C. The Editorial Committee shall determine editorial policies, select guest editors and themes, identify and recommend reviewers, determine review procedures, and make recommendations for fiscal policies regarding Kappa Omicron Nu FORUM to the Board of Directors. The membership shall consist of six professional members. The editor shall serve as an ex officio member, without vote. Two professional members shall be elected by mail ballot annually to serve three-year terms or until their successors are elected. This is a staff committee.
D. A Nominating Committee of five shall be elected by mail ballot. Each active member shall be eligible to vote. Terms shall be for two years or until the successors are elected. Two members shall be elected in even-numbered years; three members shall be elected in odd-numbered years. Members of the Nominating Committee shall not serve consecutive terms. The Committee Chair shall be appointed annually by the Board of Directors from among the five members. It shall be the responsibility of the Nominating Committee to propose at least one candidate for each office and committee vacancy to be filled. In the even of a tie in the election, the Nominating Committee shall vote to break the tie. A member of the Nominating Committee may not be nominated for any office or committee vacancy without resigning as a member of the Nominating Committee. This is a board committee.
Section 3. Vacancy. A vacancy in any committee shall be filled by the Board of Directors.
Section 4. Powers. A committee designated by the Board may exercise any powers of the Board to the extent provided by resolution of the Board. No committee, however, shall have the power to:
A. Amend the articles of incorporation;
B. Adopt an agreement of merger or consolidation;
C. Amend the bylaws of the Society; or
D. Fix compensation of any officer.
Section 5. Meetings. Committees shall meet as directed by the Board, and their meetings shall be governed by the rules provided for meetings of the Board. Minutes shall be recorded at each committee meeting and shall be presented to the Board.
Section 6. Consent to Committee Actions. Any action required or permitted to be taken pursuant to authorization of a committee may be taken without a meeting if, before or after the action, all members of the committee consent to the action in writing. Written consents shall be filed with the Board.
Section 1. Establishment of Collegiate Chapters.
A. A chapter of the Society may be established in a college or university in the United States of America and its territories offering a baccalaureate or advanced degree as defined in Article II. The institution shall be fully accredited by its regional accrediting agency, and the program shall meet uniform criteria determined by the Board of Directors.
B. A chapter-at-large may be established by two or more institutions, which are so located that a joint chapter is feasible and provided that each institution is qualified except in size of program.
C. International chapters may be established according to uniform criteria determined by the Board of Directors.

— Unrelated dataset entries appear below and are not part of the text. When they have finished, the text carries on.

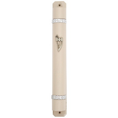 מזוזה מעץ, גובה בית המזוזה מתאים לקלף שגובהו עד 17 סנטימטרים, המזוזה בצבע אופוויט שרשראות עם גב
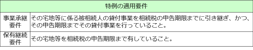 小規模宅地等の特例の貸付事業用宅地等について、原則相続開始前3年以内に貸し付けを始めたものはその対象から除外されることとなりますが、上記の基準を満たす場合を「特定貸付事業」として、その3年以内に貸し付けたものも対象となる例外措置が設けられています。
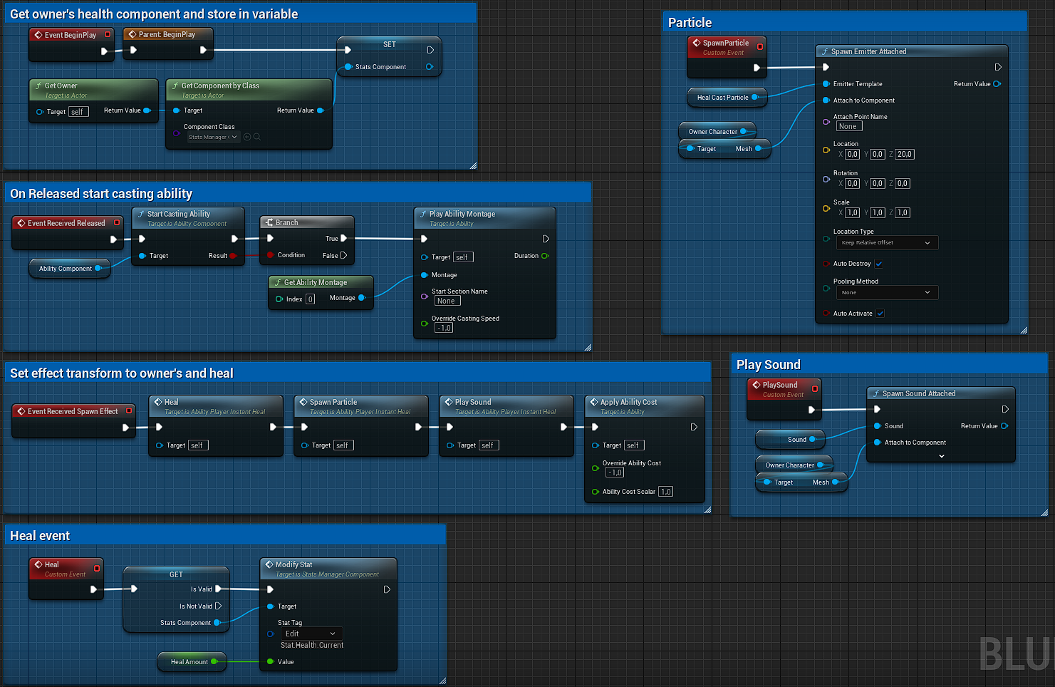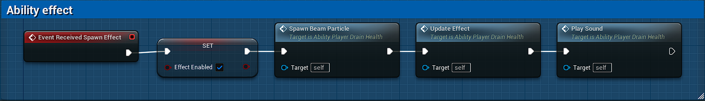 AbilityEffect function in turn is calling ReceivedSpawnEffect function from ability, which heals the owner, spawns particle, plays sound and consumes mana.
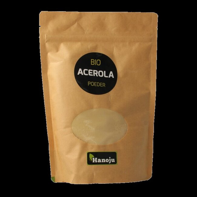 La poudre d'acérola bio Hanoju apporte 340 mg de vitamine C naturelle par dose journalière de 2 g pour soutenir l'énergie et le système immunitaire. Ce complément biologique est expédié sans plastique. Il convient à l'usage familial pour favoriser la vitalité et le bien-être.
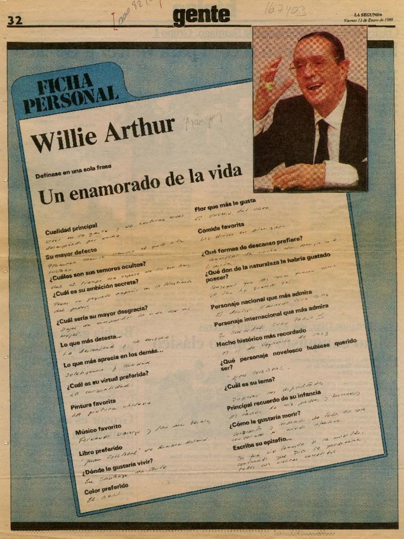 Ficha Personal Willie Arthur [entrevista]. [artículo] :
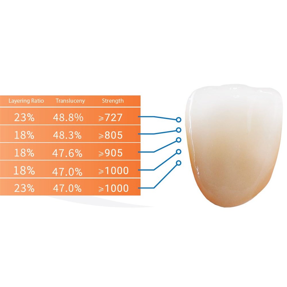 This transitional innovation enables dental technicians to mill restorations that exhibit high translucency along the incisal edge while maintaining the required strength and opacity along the margin and body.
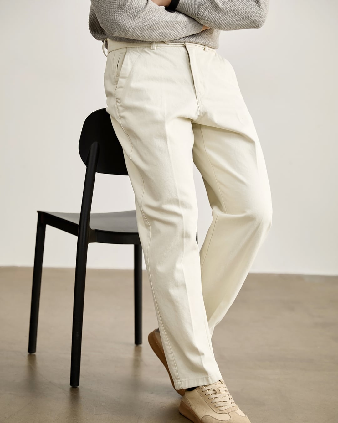 カジュアルながらも洗練された印象を与えるストレートレギュラーライズパンツ。
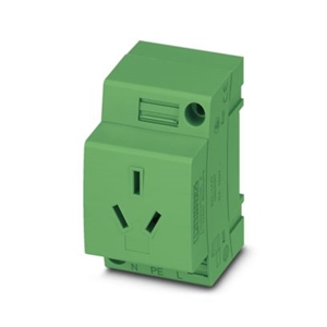 Prise de courant, pour la Chine et d'autres pays, Modèle d'enfichage de type I, type de raccordement: Raccordement vissé, coloris: vert, tension nominale: 250 V AC (50 Hz), intensité nominale: 10 A, pour montage sur profilé dans une interface de service ou pour montage direct, normes/prescriptions: GB 2099.1 et...
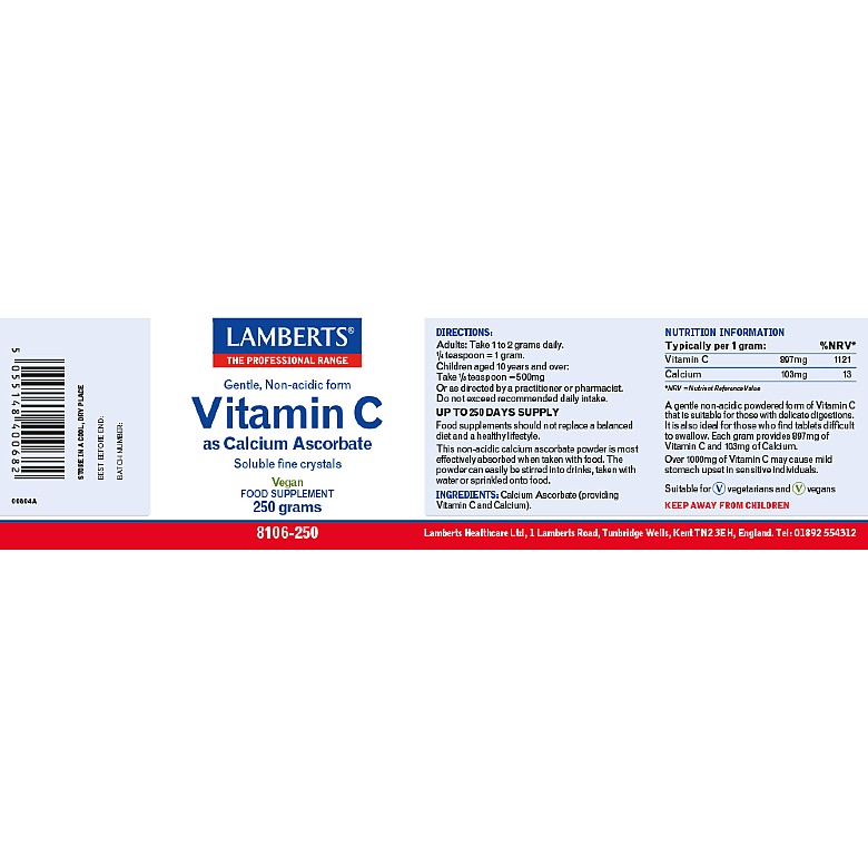 A gentle non-acidic form of vitamin C. Soluble fine crystals that can be easily added to drinks or sprinkled on to foods. Each gram provides almost 900mg of vitamin C plus just over 100mg of calcium. Suitable for those with intestinal problems due to its gentle action
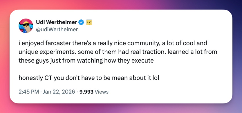 After DWR, its founder, shared that the protocol is being acquired by Neynar (an infra provider), Crypto Twitter was quick to condemn it, competing for the most deranged takes on a product they’d never bothered to try, completely neglecting that this acquisition might actually be a net positive.

D. A group desiring a charter for a collegiate chapter shall petition the Board of Directors of the Society. The qualifications of such petitioning groups shall be examined by the Board of Directors and, if approved, submitted to the chapters by mail ballot. A two-thirds vote of those chapters returning ballots by a date clearly specified on the mail ballot shall be required for a charter to be granted.
Section 2. Alumni Chapters.
A. An alumni chapter may be established in a geographic locality. Professional members who cannot participate in a collegiate or alumni chapter may belong to a National Alumni Chapter.
B. At least fifteen professional members of the Society living in a geographic area and desiring to form an alumni chapter may petition the Board of Directors for a charter. Upon approval of their aims and proposed program, the Board of Directors may grant a charter.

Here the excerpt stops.